= Notturno (Schoeck) =

Song cycle

Notturno (Notturno: Fünf Sätze für Bariton und Streichquartett) is a song cycle for baritone and string quartet by Swiss composer Othmar Schoeck (1886–1957). It was composed between 1931 and 1933, and was published as his Op. 47.

It consists of musical settings of nine poems by the Austrian poet Nikolaus Lenau (1802–1850) and of one by the Swiss poet Gottfried Keller (1819–1890). It is in 14 sections: the German title Fünf Sätze (i.e. "Five pieces", or "movements") refers to the fact that the vocal settings fall into five groups, four of poems by Lenau and one of the poem by Keller, separated by instrumental interludes.
1. "Sieh dort den Berg mit seinem Wiesenhange" (Lenau)
2. "Sieh hier den Bach, anbei die Waldesrose" (Lenau)
3. Andante appassionato (string quartet alone)
4. "Die dunklen Wolken hingen" (Lenau)
5. "Sahst du ein Glück vorübergehn" (Lenau)
6. Presto (string quartet alone)
7. "Der Traum war so wild" (Lenau)
8. "Es weht der Wind so kühl" (Lenau)
9. "Rings ein Verstummen, ein Entfärben" (Lenau)
10. "Ach, wer möchte einsam trinken" (Lenau)
11. Allegretto (string quartet alone)
12. "O Einsamkeit! wie trink' ich gerne" (Lenau)
13. Allegretto tranquillo (string quartet alone)
14. "Heerwagen, mächtig Sternbild der Germanen" (Keller)

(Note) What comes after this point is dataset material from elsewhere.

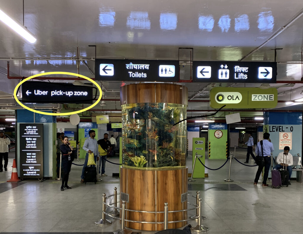 下の写真は、立体駐車場に入ったところです。UberとOlaの乗り場が見えてきます。

The cycle is late romantic in style, dark, chromatic and expressionist in character. It falls into five sections: Ruhig, a nature scene, on the death of love; Presto, a nightmare; Unruhig bewegt, memories of a dead friend; Ruhig und leise, birds and nature remind the poet of the death of a friend; Rasch und kräftig, quasi recit., the poet seeks solitude, looks to the stars, and begs for rest.

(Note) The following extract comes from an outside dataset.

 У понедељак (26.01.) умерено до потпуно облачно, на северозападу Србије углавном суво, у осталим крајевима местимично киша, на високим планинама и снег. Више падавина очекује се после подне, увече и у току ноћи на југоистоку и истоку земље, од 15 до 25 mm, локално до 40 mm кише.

According to Schoeck's biographer Chris Walton, Alban Berg had words of praise for Notturno. The work was premiered in 1933. It remained almost unnoticed until 1967, when Dietrich Fischer-Dieskau and the Juilliard Quartet introduced it to New York. Critic Miles Kastendieck wrote that, "Notturno stems from Mahler", and that the work evidenced "a surprisingly sustained melodic strength. ... Schoeck communicated something of himself, so that frequently at the end of a song he fashioned its cadence quite beautifully. Thus his final evocation achieved a tranquility most sensitively expressed". The same artists made the premier recording, in 1968. Music critic Alex Ross has described the final section, in which the poet addresses the Heerwagen (army wagon, the constellation Ursa Major), as "wrenchingly beautiful".

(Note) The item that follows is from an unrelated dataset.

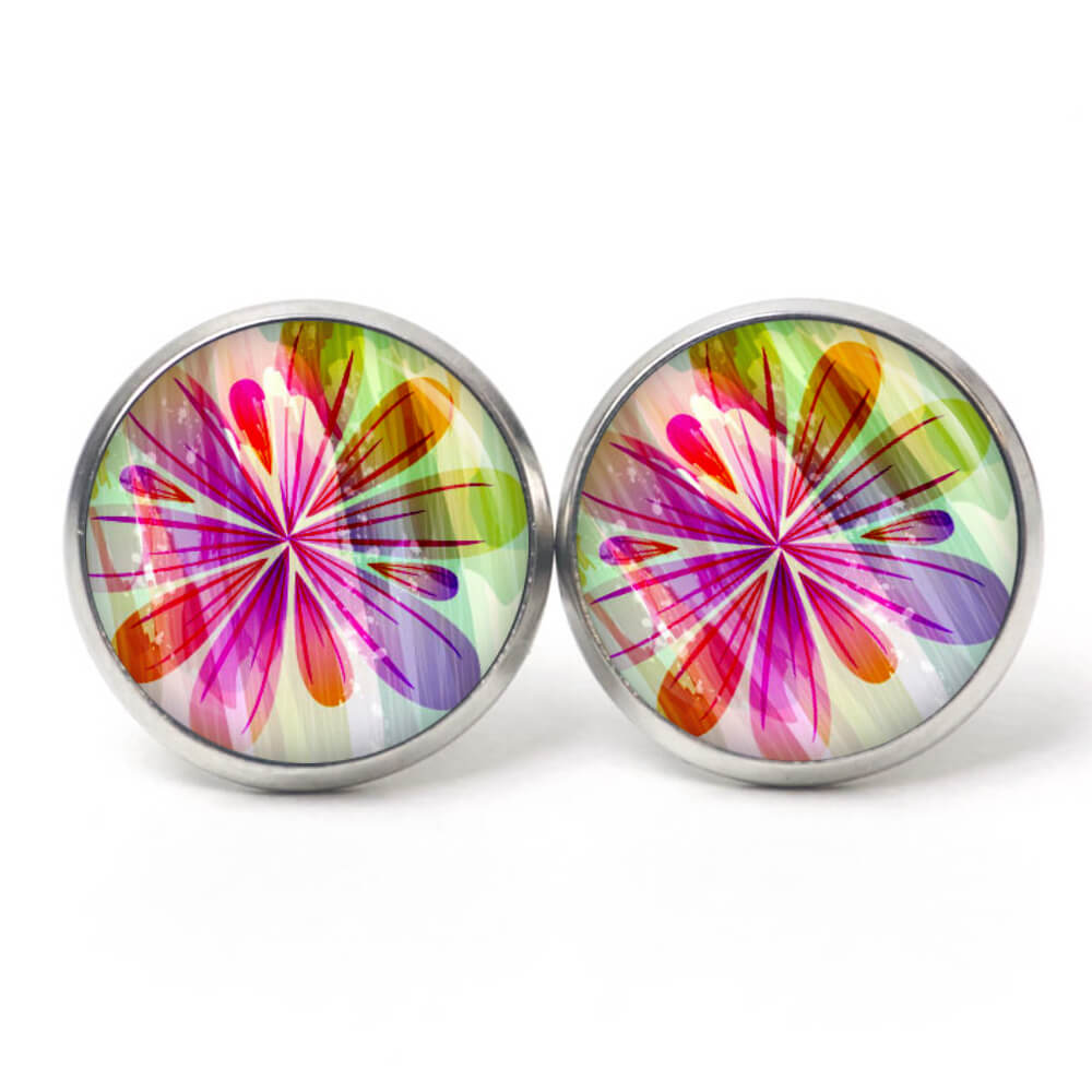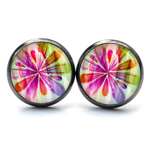 Druckknopf Ohrstecker Ohrhänger Clipse regenbogen Blume

A typical performance takes about 38 minutes.

== Discography ==

- 1968: Juilliard Quartet and Dietrich Fischer-Dieskau (Columbia Records)
- 1980: Berner Streichquartett with Niklaus Tüller (Accord)
- 1989: Amati Quartett with Kurt Widmer (Atlantis)
- 1992: Cherubini Quartet with Dietrich Fischer-Dieskau (EMI Classics)
- 1995: Quatuor Stanislas with François Le Roux (Gallo)
- 1995: Carmina Quartett with Olaf Bär (Denon)
- 2003: Minguet Quartett with Klaus Mertens (New Classical Adventure)
- 2009: Rosamunde Quartett with Christian Gerhaher (ECM Records GmbH)
- 2013: Leipziger Streichquartett with Stephan Genz (MDG Gold)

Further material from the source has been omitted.